» About this task:
Retype the entries, please, from their first line to the line containing "99-100㎡三室两厅两卫:总价约113", exactly and only those lines, minus the pictures.
--*--
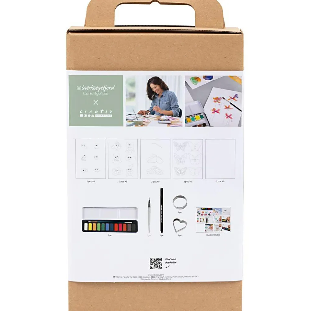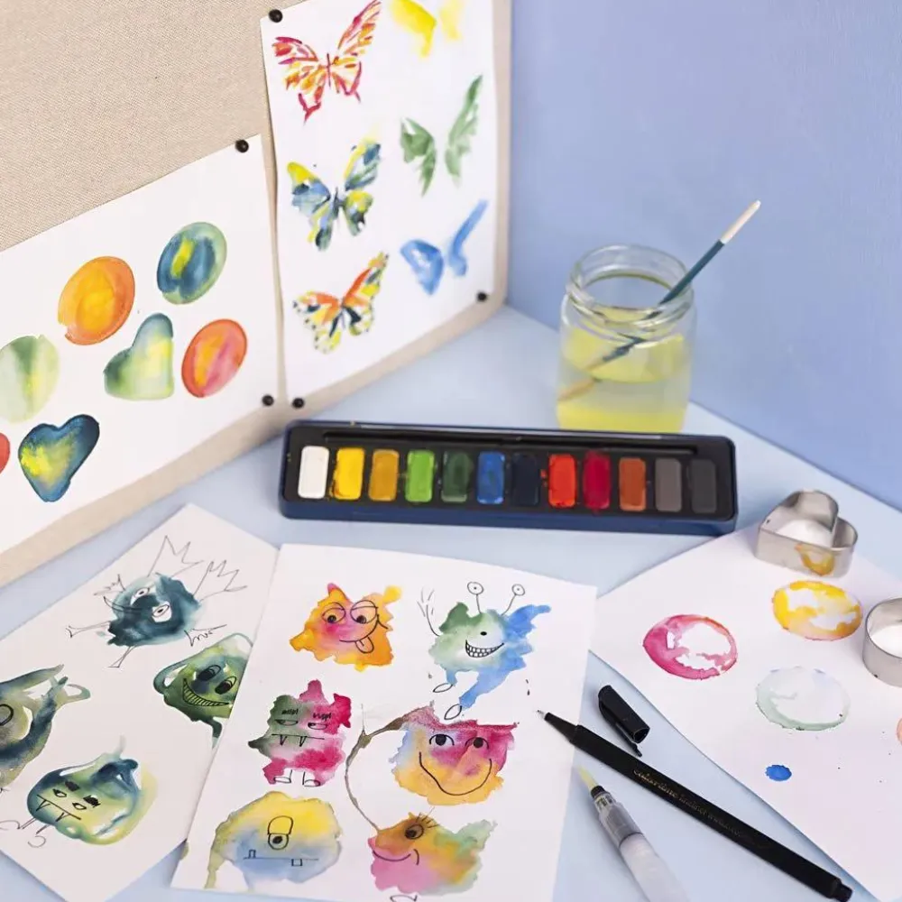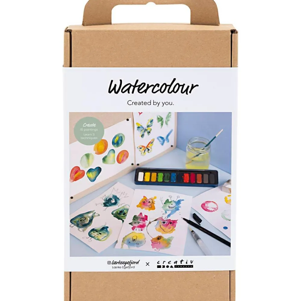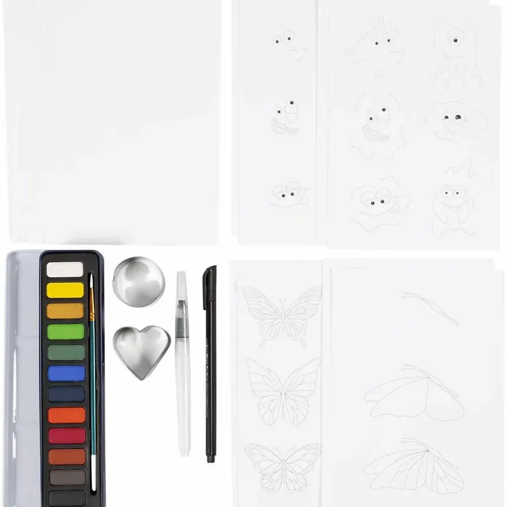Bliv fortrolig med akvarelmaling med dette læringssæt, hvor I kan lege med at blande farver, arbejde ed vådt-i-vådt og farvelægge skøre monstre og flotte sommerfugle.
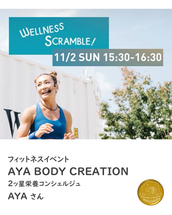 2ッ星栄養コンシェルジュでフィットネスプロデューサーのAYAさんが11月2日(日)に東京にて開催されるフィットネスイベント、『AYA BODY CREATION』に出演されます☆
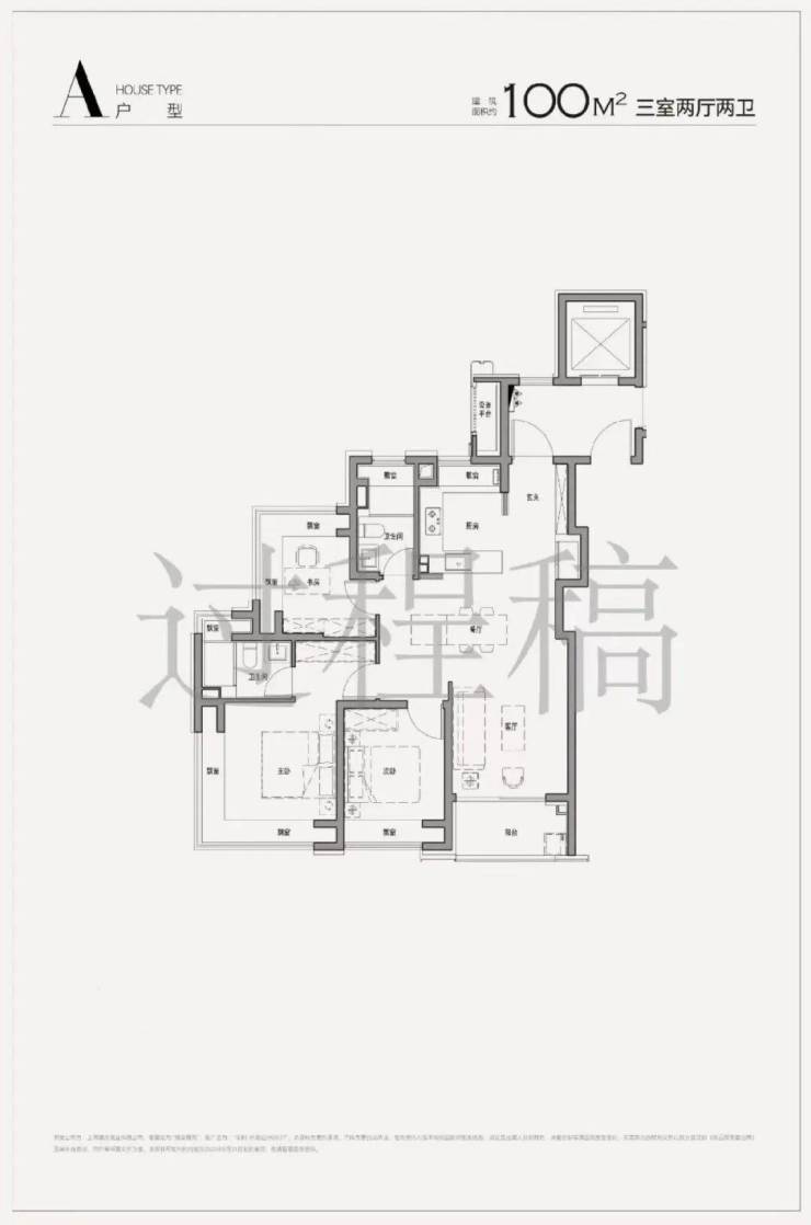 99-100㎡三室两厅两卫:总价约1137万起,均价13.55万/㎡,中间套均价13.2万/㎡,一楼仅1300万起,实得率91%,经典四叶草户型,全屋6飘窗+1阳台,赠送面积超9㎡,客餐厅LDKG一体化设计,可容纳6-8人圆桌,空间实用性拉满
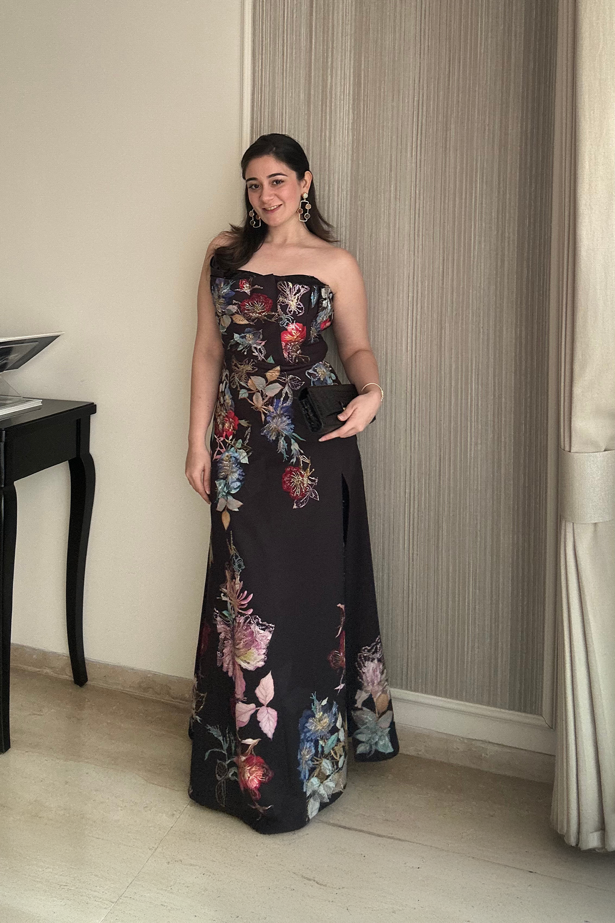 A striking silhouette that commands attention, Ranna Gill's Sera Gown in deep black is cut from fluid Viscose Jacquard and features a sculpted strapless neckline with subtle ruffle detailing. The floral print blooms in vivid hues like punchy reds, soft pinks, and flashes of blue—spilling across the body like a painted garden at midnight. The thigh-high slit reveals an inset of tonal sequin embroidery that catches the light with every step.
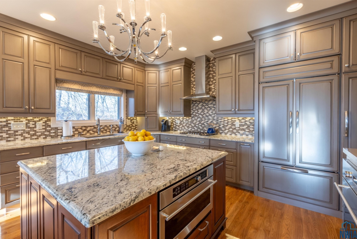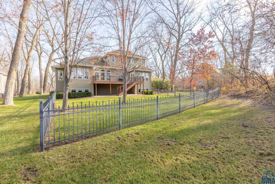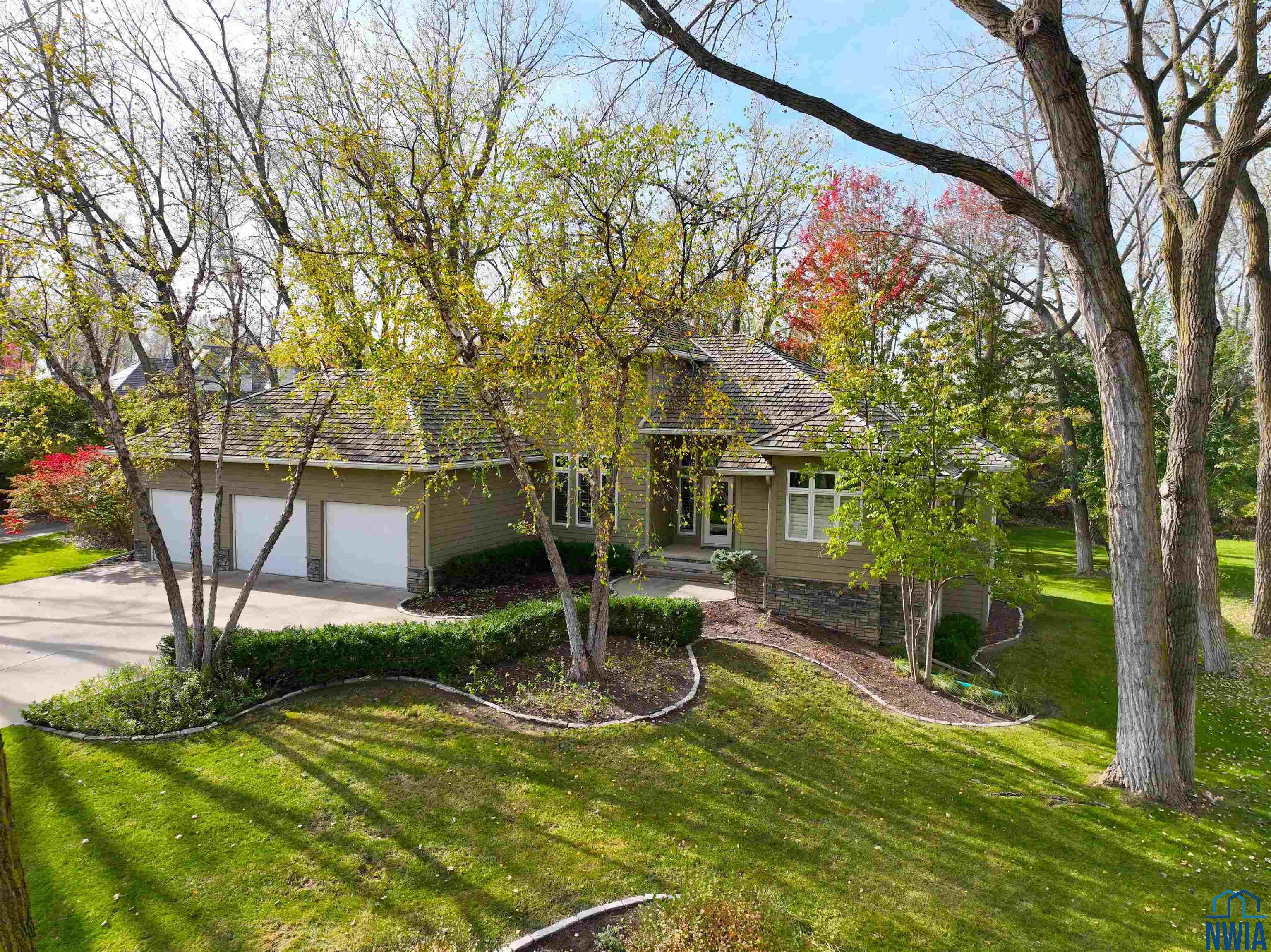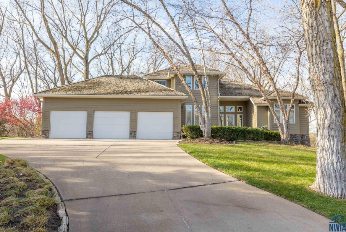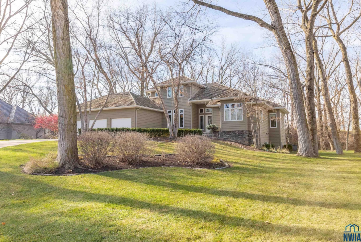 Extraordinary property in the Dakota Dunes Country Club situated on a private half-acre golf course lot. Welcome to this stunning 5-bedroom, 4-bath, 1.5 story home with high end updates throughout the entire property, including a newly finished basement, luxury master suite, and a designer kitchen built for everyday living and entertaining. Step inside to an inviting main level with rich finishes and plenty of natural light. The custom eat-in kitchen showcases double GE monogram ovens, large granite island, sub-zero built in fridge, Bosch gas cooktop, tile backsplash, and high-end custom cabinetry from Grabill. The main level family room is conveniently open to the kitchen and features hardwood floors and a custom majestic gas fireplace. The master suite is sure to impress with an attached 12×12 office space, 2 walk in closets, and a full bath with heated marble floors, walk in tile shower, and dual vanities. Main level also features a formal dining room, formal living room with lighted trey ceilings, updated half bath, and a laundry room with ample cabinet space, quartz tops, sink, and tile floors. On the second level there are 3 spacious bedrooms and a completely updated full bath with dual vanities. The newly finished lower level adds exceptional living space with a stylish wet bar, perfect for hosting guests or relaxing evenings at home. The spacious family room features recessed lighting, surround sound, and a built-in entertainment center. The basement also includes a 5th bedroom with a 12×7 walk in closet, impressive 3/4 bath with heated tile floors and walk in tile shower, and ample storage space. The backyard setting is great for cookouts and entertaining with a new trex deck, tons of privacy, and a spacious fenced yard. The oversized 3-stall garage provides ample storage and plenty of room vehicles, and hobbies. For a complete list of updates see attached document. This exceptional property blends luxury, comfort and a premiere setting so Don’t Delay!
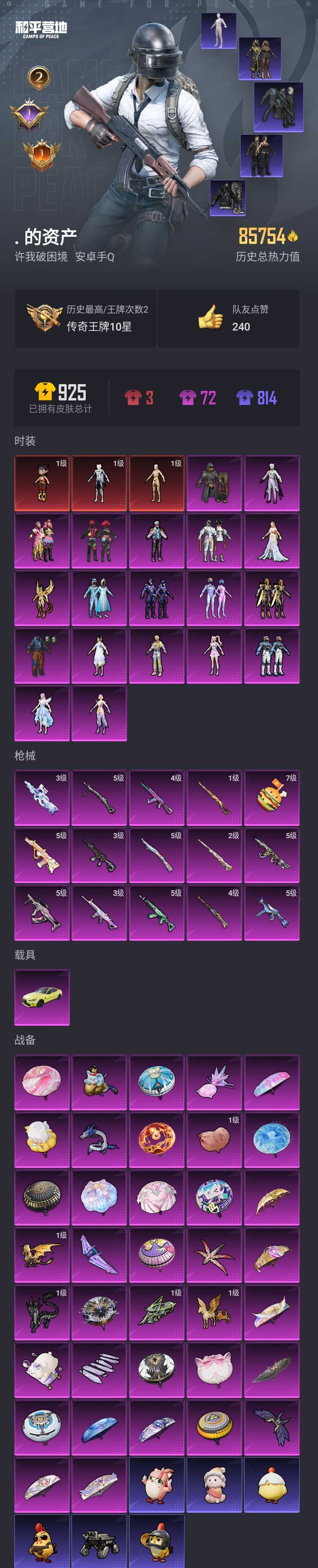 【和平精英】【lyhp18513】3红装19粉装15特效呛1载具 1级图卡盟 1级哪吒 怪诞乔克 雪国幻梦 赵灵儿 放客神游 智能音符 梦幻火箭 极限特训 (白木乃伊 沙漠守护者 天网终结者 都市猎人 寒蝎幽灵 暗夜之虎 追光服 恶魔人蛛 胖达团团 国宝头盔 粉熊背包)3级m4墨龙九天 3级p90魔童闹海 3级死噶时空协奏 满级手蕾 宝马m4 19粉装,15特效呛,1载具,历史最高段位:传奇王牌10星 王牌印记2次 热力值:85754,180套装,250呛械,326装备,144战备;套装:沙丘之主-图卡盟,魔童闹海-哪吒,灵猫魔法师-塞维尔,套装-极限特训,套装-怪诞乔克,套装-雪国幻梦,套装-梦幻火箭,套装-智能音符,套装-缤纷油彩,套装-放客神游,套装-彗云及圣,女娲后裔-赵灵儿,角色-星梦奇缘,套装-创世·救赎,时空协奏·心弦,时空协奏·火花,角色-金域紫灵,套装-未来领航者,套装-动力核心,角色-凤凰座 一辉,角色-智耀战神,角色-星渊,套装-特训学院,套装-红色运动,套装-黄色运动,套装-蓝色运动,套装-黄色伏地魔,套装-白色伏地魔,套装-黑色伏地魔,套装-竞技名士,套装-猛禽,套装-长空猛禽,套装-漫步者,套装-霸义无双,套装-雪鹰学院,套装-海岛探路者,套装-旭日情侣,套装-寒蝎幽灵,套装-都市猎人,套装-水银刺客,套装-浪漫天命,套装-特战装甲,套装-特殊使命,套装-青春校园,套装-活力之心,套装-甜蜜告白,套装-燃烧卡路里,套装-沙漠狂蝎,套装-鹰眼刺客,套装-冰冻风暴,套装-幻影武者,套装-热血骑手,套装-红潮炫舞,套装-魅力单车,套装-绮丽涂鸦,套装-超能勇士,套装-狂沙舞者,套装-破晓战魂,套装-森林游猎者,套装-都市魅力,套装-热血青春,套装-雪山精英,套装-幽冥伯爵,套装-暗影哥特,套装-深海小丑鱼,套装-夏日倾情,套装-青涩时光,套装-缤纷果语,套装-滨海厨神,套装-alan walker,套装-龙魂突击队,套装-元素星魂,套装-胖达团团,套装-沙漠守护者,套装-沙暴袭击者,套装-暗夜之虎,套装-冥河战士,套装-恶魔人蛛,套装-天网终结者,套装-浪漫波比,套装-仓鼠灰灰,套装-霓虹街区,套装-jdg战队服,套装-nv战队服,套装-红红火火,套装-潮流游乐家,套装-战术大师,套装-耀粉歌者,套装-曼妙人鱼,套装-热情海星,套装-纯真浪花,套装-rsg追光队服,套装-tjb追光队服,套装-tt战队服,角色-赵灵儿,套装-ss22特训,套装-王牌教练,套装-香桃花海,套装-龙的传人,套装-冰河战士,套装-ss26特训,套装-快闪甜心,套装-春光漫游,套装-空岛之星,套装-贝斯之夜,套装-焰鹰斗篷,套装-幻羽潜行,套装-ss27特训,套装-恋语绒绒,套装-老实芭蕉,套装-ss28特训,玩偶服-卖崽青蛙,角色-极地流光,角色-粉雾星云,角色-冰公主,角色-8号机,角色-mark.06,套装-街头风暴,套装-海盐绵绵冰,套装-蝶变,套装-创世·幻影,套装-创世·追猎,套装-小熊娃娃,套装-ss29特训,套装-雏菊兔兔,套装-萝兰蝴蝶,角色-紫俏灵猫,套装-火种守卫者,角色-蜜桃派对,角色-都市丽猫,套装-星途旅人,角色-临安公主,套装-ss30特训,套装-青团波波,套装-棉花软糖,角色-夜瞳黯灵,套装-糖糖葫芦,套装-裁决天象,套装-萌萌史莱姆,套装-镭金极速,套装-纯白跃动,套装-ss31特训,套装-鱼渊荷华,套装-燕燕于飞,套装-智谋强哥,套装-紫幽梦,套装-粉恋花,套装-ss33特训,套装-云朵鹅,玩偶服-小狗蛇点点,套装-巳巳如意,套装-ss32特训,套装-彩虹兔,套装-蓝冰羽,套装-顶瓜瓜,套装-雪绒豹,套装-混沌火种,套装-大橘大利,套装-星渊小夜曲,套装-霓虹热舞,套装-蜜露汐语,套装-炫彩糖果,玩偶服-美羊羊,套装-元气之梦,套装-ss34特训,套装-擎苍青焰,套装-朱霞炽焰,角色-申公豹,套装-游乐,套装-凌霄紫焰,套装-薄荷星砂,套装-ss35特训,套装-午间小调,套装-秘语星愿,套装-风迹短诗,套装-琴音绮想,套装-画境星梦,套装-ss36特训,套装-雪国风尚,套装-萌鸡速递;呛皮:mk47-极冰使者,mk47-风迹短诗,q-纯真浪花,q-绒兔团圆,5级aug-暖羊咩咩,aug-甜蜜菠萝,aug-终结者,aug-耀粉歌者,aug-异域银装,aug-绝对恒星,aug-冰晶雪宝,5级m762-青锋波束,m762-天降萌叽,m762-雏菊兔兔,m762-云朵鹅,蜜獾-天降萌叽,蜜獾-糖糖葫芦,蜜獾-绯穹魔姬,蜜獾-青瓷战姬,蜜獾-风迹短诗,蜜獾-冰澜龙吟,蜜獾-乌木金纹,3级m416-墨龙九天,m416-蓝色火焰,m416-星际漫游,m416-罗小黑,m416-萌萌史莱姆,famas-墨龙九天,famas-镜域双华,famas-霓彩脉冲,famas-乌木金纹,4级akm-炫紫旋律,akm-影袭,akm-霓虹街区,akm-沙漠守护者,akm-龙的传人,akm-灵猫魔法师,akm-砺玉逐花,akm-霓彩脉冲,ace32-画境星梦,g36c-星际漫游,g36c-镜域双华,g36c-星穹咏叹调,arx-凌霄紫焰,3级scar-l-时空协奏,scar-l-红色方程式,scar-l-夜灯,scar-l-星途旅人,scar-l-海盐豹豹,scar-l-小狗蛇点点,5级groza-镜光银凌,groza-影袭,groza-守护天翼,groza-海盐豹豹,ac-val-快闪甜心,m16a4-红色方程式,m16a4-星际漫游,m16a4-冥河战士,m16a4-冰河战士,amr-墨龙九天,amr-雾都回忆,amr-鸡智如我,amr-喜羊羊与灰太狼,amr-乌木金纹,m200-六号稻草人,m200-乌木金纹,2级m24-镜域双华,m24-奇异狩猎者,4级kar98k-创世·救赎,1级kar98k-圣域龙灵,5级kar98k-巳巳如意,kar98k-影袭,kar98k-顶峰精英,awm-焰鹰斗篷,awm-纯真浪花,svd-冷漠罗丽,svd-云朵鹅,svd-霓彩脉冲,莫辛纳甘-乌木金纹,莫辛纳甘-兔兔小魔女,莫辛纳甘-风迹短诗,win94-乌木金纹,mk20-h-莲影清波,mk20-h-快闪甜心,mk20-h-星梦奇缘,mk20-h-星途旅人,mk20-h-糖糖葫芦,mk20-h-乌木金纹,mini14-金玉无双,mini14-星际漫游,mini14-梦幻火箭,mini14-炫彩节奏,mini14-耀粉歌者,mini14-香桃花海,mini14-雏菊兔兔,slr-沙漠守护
--*--
» Written solution:
Bliv fortrolig med akvarelmaling med dette læringssæt, hvor I kan lege med at blande farver, arbejde ed vådt-i-vådt og farvelægge skøre monstre og flotte sommerfugle.
 2ッ星栄養コンシェルジュでフィットネスプロデューサーのAYAさんが11月2日(日)に東京にて開催されるフィットネスイベント、『AYA BODY CREATION』に出演されます☆
 99-100㎡三室两厅两卫:总价约1137万起,均价13.55万/㎡,中间套均价13.2万/㎡,一楼仅1300万起,实得率91%,经典四叶草户型,全屋6飘窗+1阳台,赠送面积超9㎡,客餐厅LDKG一体化设计,可容纳6-8人圆桌,空间实用性拉满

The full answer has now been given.